MSc projects 2006 - 07

  • JPB-MSc-1: Audio-Visual Lip Tracking (Pinelopi Sotiropoulou)
  • JPB-MSc-2: Eye-tracking for head pose estimation (Murad Abouammoh)
  • JPB-MSc-3: Audio-based speaker location estimation for diarization (Maral Dadvar)

Mail all

The project descriptions below are only intended as starting points. If you wish to discuss possibilities in greater detail I encourage you to email me to arrange a meeting.


JPB-MSc-1: Audio-Visual Lip Tracking

Description

Lip tracking is the task of following the outline of a speaker’s lips through a sequence of video frames. This task is an important component of many audio-visual speech processing applications – including audio-visual speech recognition. The most successful lip tracking systems employ a technique know as active shape and appearance modelling (ASM/AAM). This technique employs a statistical model of the shape (and possibly, appearance) of the speaker’s lips that has been learnt from a small number of video frames in which the lip outlines have been traced by hand. The tracking system then examines the video and employs an iterative search to find a sequence of smoothly changing lip shapes that fit well to this model. Although this technique can work well in optimum conditions, trackers are prone to drift away from the correct solution when the video quality is poor.

This project aims to improve the reliability of a video-based lip tracking system by exploiting the audio speech signal.

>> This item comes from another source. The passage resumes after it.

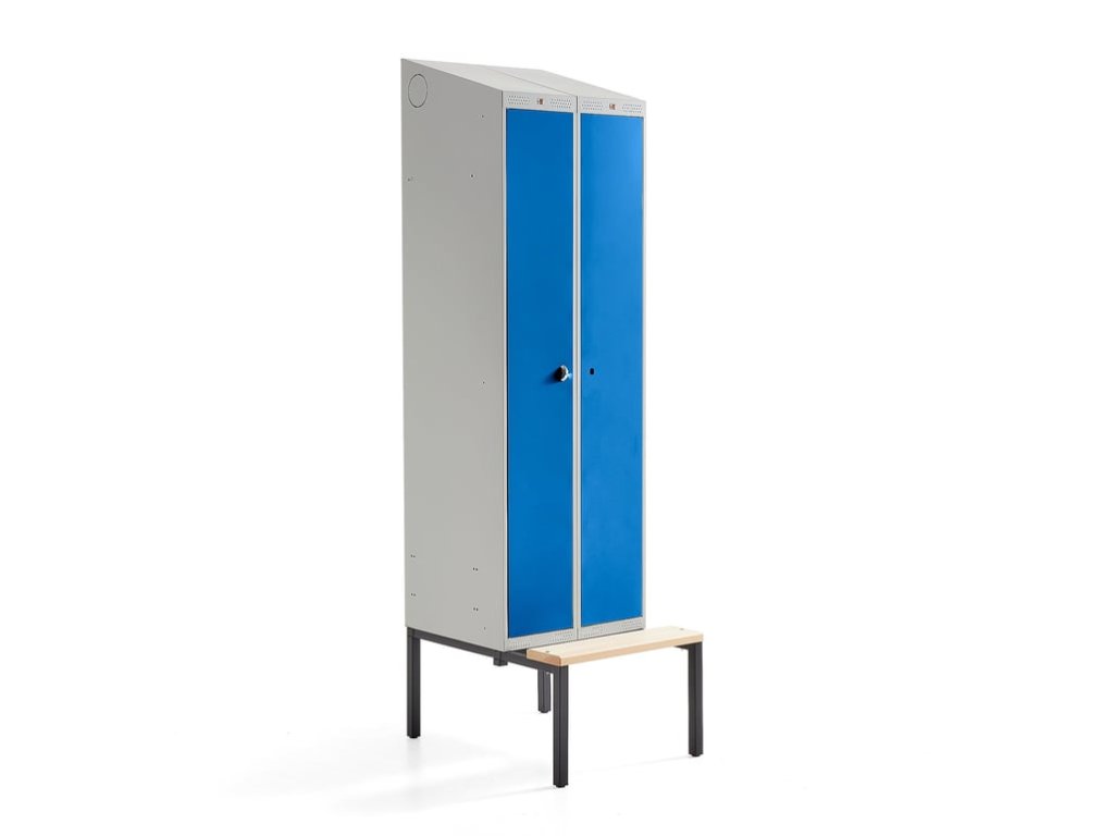 Cabinet with bench, hat shelf and clothes rail with two clothes hooks. The doors have stoppers, rubber pads and towel hooks. Perforations for ventilation. The lock is sold separately. A wardrobe with two doors with a common latch, which can have a central lock. The design allows separate storage, for example dirty and clean or dry and wet clothes. The cabinet has a solid construction that can withstand demanding conditions. It has a durable powder coating. The door stop stops the door opening at an angle greater than 90˚ and the rubber pads ensure silent closing. The metal cabinet is intended for efficient storage of clothes, towels, etc. It is ready to connect an external ventilation system through a hole (Ø 100 mm) on the side. There is also ventilation in the form of perforations in the lower and upper part. Perforations guarantee the flow of fresh air. The cabinet has a beveled upper part for a more hygienic and easy-to-wash environment. The cabinet comes with a practical frame with a bench made of fully welded, powder-coated steel. The seat is made of polished pine wood. The frame has adjustable feet. The frame with the bench provides a comfortable sitting height and also facilitates cleaning under the cabinet. The cabinet can be mounted on the wall or placed on the supplied pedestal.Be the first who will post an article to this item!

There is a well-understood mapping between speech sounds and the positions of the lips required to produce them (e.g. the sounds ‘m’, ‘b’ and ‘p’ are made by bringing the lips together, for vowels sounds the lips are open). So when we hear speech we have an expectation of how the lips should behave. A lip tracking system based on audio-visual models can take advantage of this statistical correlation to work more robustly in situations where the video information alone is inadequate.

Additional Information

For evaluation purposes the project will use part of a large corpus of audio-visual speech data that has recently been collected at Sheffield. Much of the necessary preprocessing has already been performed, and some tools have already been developed, allowing the project to have a running start. This is a ‘real’ project that is aligned with ongoing research within the Speech and Hearing Research Group. It is hoped that if successful the project outputs will form the foundation of publishable research.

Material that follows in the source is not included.